- _RECORDS SUPPLIED_
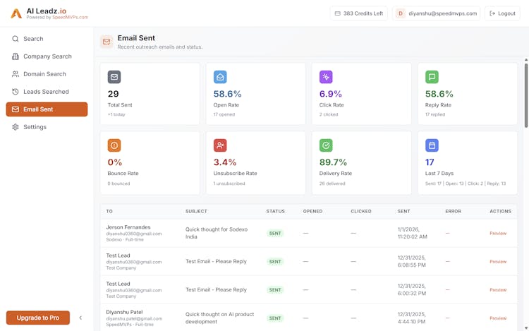 Every lead is enriched with professional and company-level insights, making personalization easier and outreach more relevant. Results can be exported instantly in CRM-ready formats or used directly for outbound campaigns. With built-in email sending and tracking, teams can manage the entire prospecting and outreach flow without juggling multiple tools.
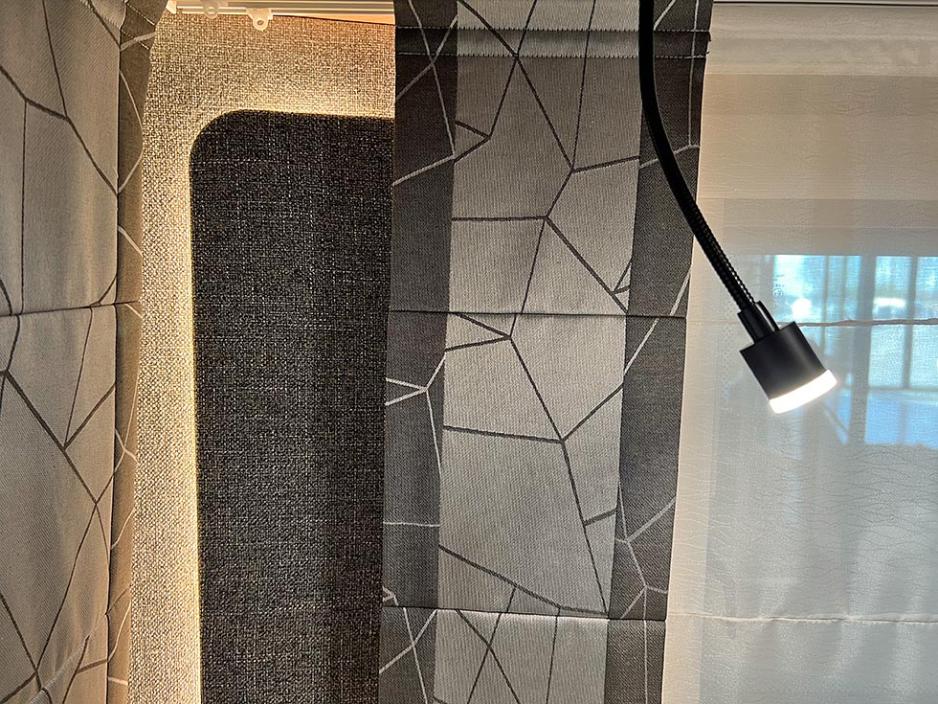 Gardinene som dekker vinduene på soverommet, er gjennomsiktige. Det beskytter mot innsyn, samtidig som de slipper inn mye lys. De suppleres av hver sin lille gardinbit på to sider. Disse har et kraftig mønster, og gjør unødvendig mye ut av seg. Likevel er helheten her innendørs ganske så nedtonet.
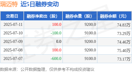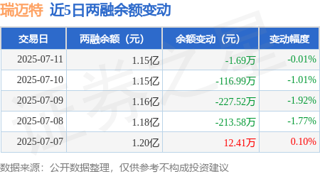瑞迈特:7月11日融券卖出100股,融资融券余额1.15亿元
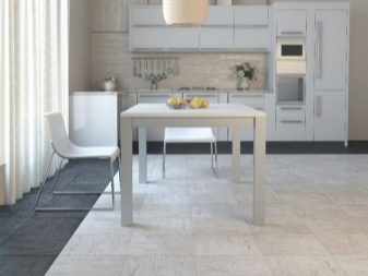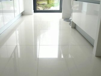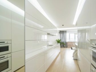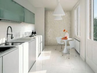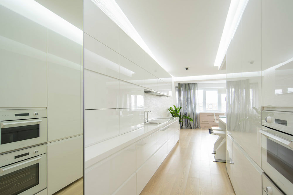 Das glänzend weiße Design wirkt durch die gute Beleuchtung der schmalen Küche noch strahlender. Es ist besser, eine korrigierte Bodenfliese zu wählen, um einen nahtlosen Stoff zu schaffen. Es ist passend zu den Wänden, Küchenmöbeln und Accessoires ausgewählt. Der Innenraum ist so einfach und frei von Details gemacht. Minimalismus in Dekoration und Dekor wird die Küche stilvoll und komfortabel machen.
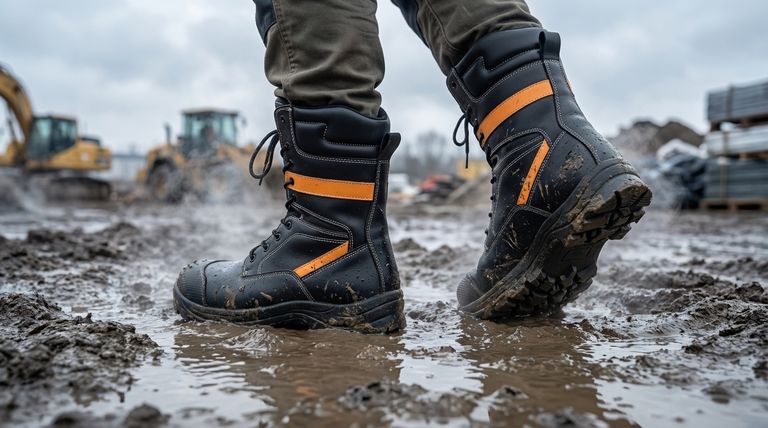 재료(네오프렌)와 부츠의 전체 구조를 구별하는 것이 중요합니다. 강철 토캡, 구멍 방지 중창 또는 전기 위험 등급과 같은 안전 기능은 추가 구성 요소입니다.
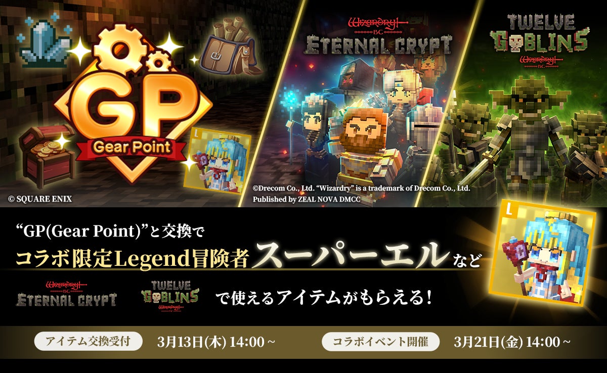 「Wizardry BCプロジェクト」のブロックチェーンゲーム『Eternal Crypt – Wizardry BC -』(エクウィズ)とミニアプリ『Twelve Goblins – Wizardry BC -』(TGWiz)が、『資産性ミリオンアーサー』とのコラボレーションを2025年3月21日から開催します。
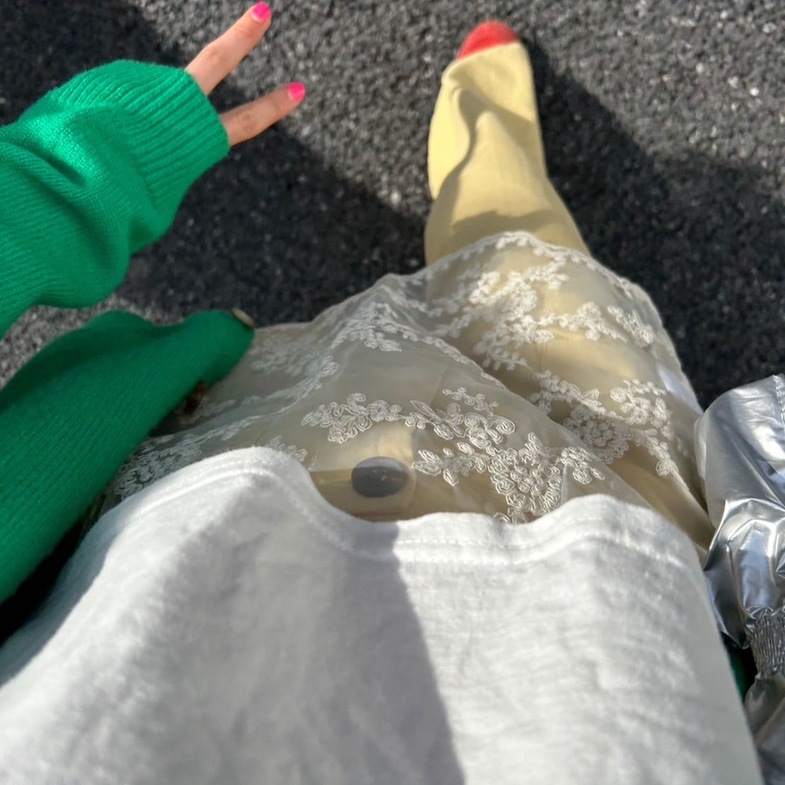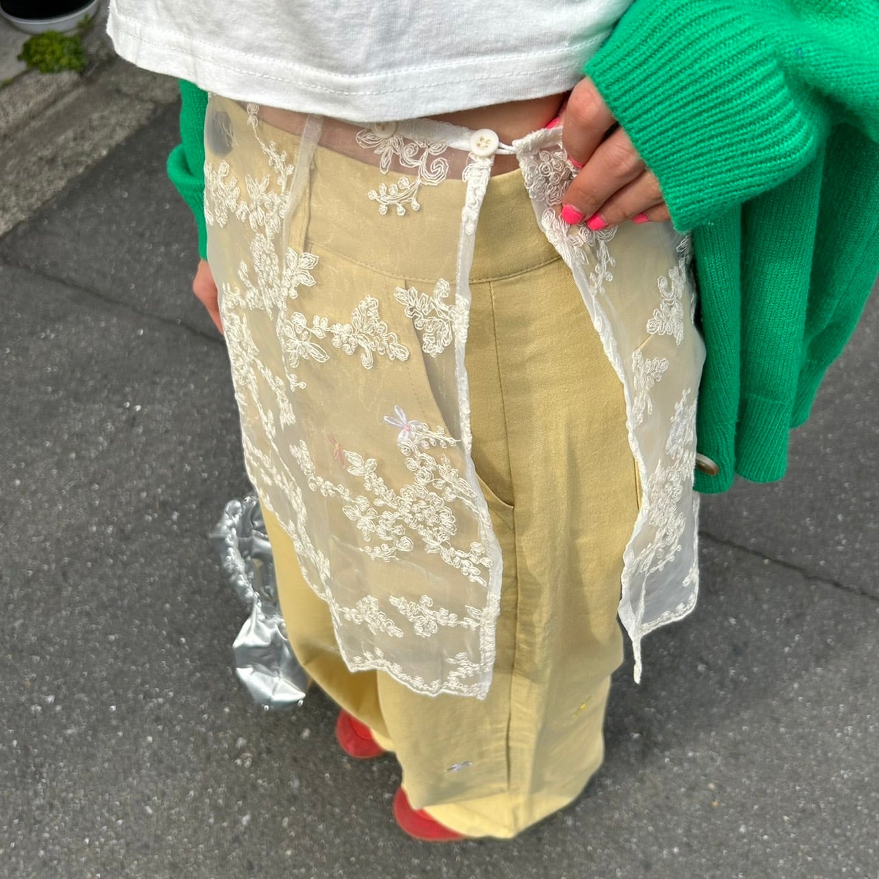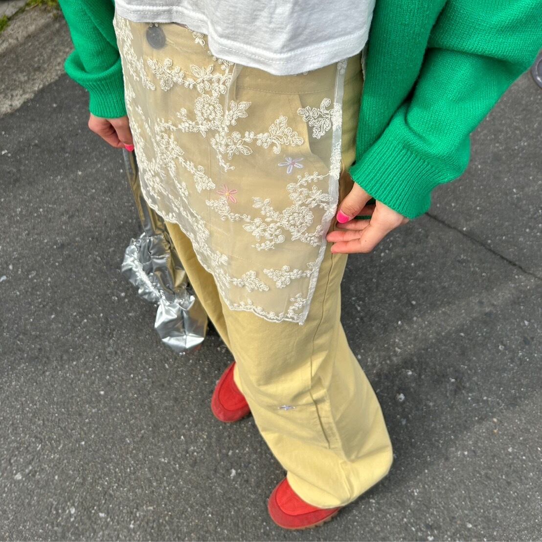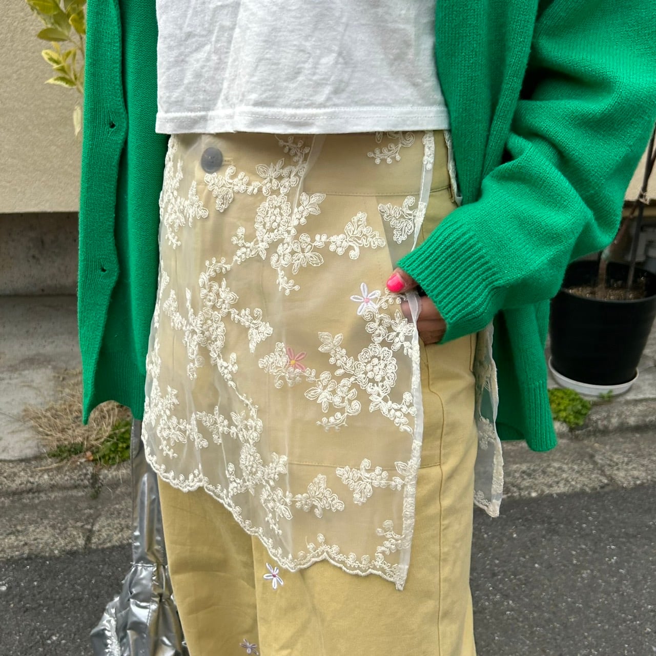 小花じゃない、おしとやかだけどゴージャスな、珍しいお花のステッチが特徴の巻きスカート♡

- _EXERCISE_
Please return the material above unchanged, with every picture removed.

- _RESPONSE TO THIS TASK_
 Every lead is enriched with professional and company-level insights, making personalization easier and outreach more relevant. Results can be exported instantly in CRM-ready formats or used directly for outbound campaigns. With built-in email sending and tracking, teams can manage the entire prospecting and outreach flow without juggling multiple tools.
 Gardinene som dekker vinduene på soverommet, er gjennomsiktige. Det beskytter mot innsyn, samtidig som de slipper inn mye lys. De suppleres av hver sin lille gardinbit på to sider. Disse har et kraftig mønster, og gjør unødvendig mye ut av seg. Likevel er helheten her innendørs ganske så nedtonet.
瑞迈特:7月11日融券卖出100股,融资融券余额1.15亿元
 Das glänzend weiße Design wirkt durch die gute Beleuchtung der schmalen Küche noch strahlender. Es ist besser, eine korrigierte Bodenfliese zu wählen, um einen nahtlosen Stoff zu schaffen. Es ist passend zu den Wänden, Küchenmöbeln und Accessoires ausgewählt. Der Innenraum ist so einfach und frei von Details gemacht. Minimalismus in Dekoration und Dekor wird die Küche stilvoll und komfortabel machen.
 재료(네오프렌)와 부츠의 전체 구조를 구별하는 것이 중요합니다. 강철 토캡, 구멍 방지 중창 또는 전기 위험 등급과 같은 안전 기능은 추가 구성 요소입니다.
 「Wizardry BCプロジェクト」のブロックチェーンゲーム『Eternal Crypt – Wizardry BC -』(エクウィズ)とミニアプリ『Twelve Goblins – Wizardry BC -』(TGWiz)が、『資産性ミリオンアーサー』とのコラボレーションを2025年3月21日から開催します。
 小花じゃない、おしとやかだけどゴージャスな、珍しいお花のステッチが特徴の巻きスカート♡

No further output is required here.